>>>
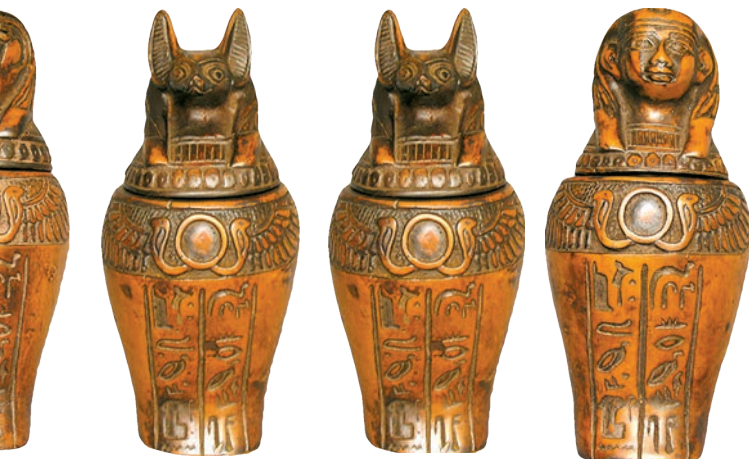
Ритуальные сосуды – канопы
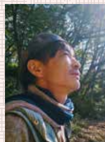
監督・シナリオ・撮影 吉岡 敏朗
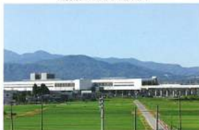
当施設から見える北陸新幹線「上越妙高」駅
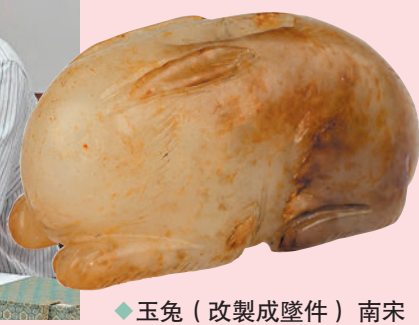
玉兔(改製成墜件) 南宋 香港中文大學文物館藏
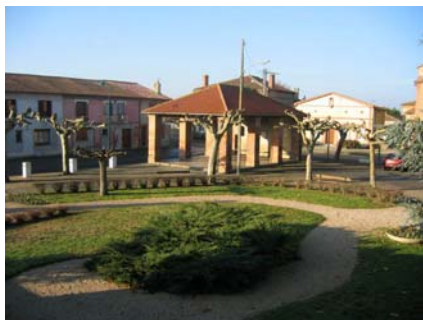
La Halle un matin d'hiver
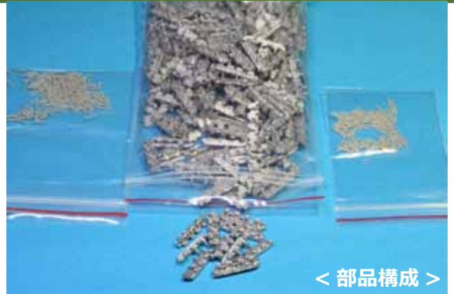
< 部品構成 >
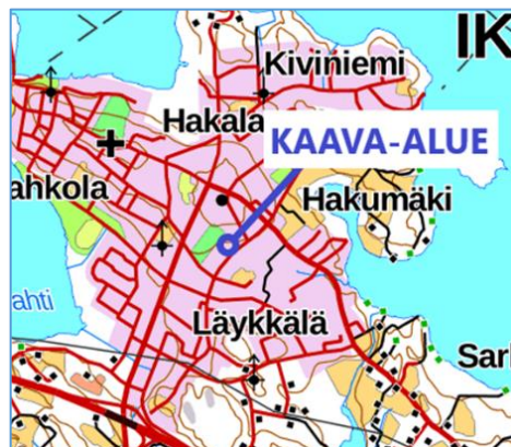
Kaava-alueen ohjeellinen sijainti.

Suunnittelualue sijaitsee Ikaalisissa Hakumäen (6) kaupunginosassa, noin kilometrin päässä Ikaalisten keskustan palveluista kaakkoon.
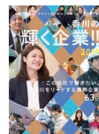
香川の企業をつなぐ就活専門誌「香川の輝く企業」
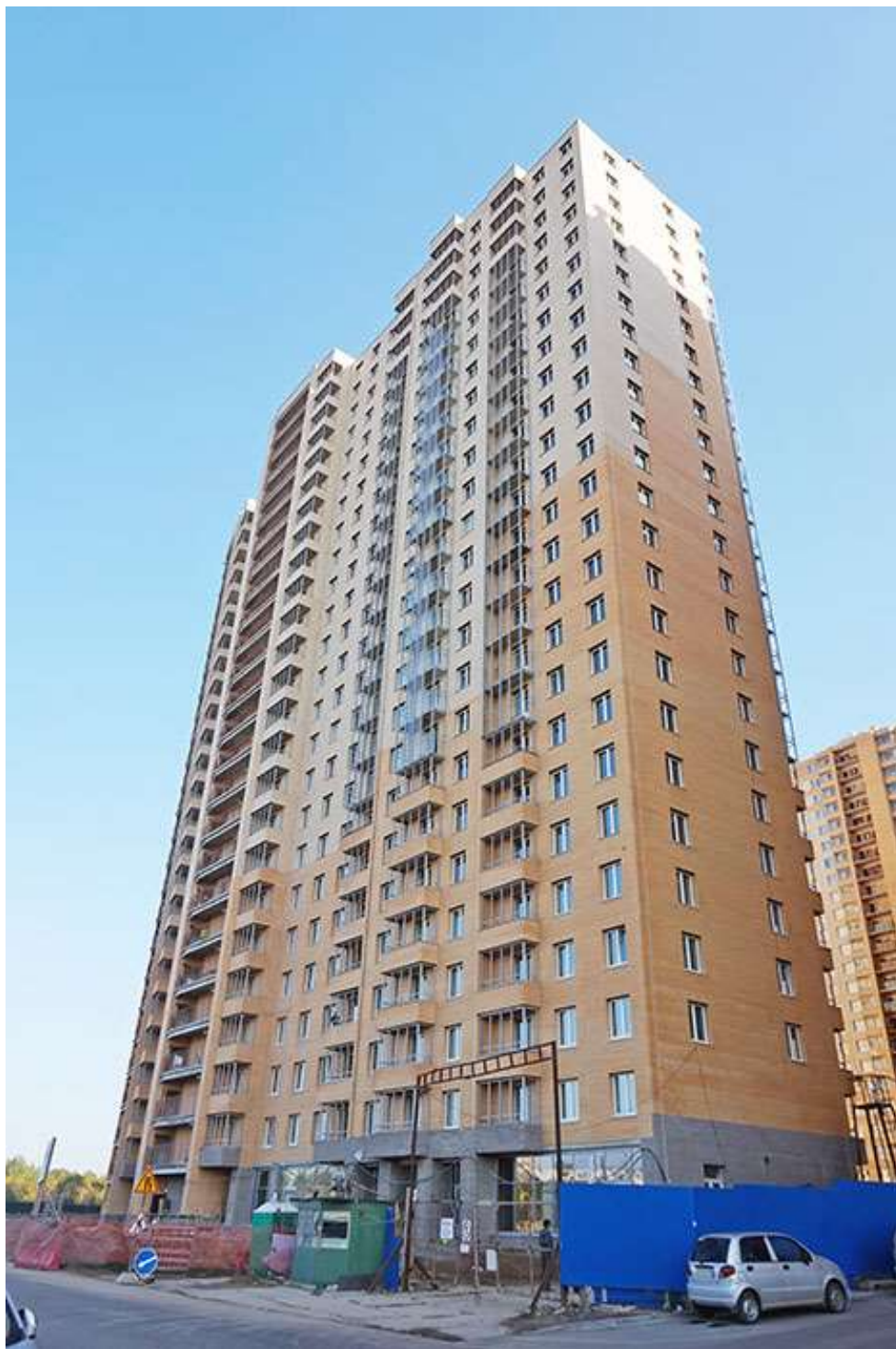
Вид на секции 2-1 со Областной ул.
<<<
### [Action item]
The whole listing should be reproduced exactly. Images don't go in.

### [Answer]
Ритуальные сосуды – канопы
監督・シナリオ・撮影 吉岡 敏朗
当施設から見える北陸新幹線「上越妙高」駅
玉兔(改製成墜件) 南宋 香港中文大學文物館藏
La Halle un matin d'hiver
< 部品構成 >
Kaava-alueen ohjeellinen sijainti.

Suunnittelualue sijaitsee Ikaalisissa Hakumäen (6) kaupunginosassa, noin kilometrin päässä Ikaalisten keskustan palveluista kaakkoon.
香川の企業をつなぐ就活専門誌「香川の輝く企業」
Вид на секции 2-1 со Областной ул.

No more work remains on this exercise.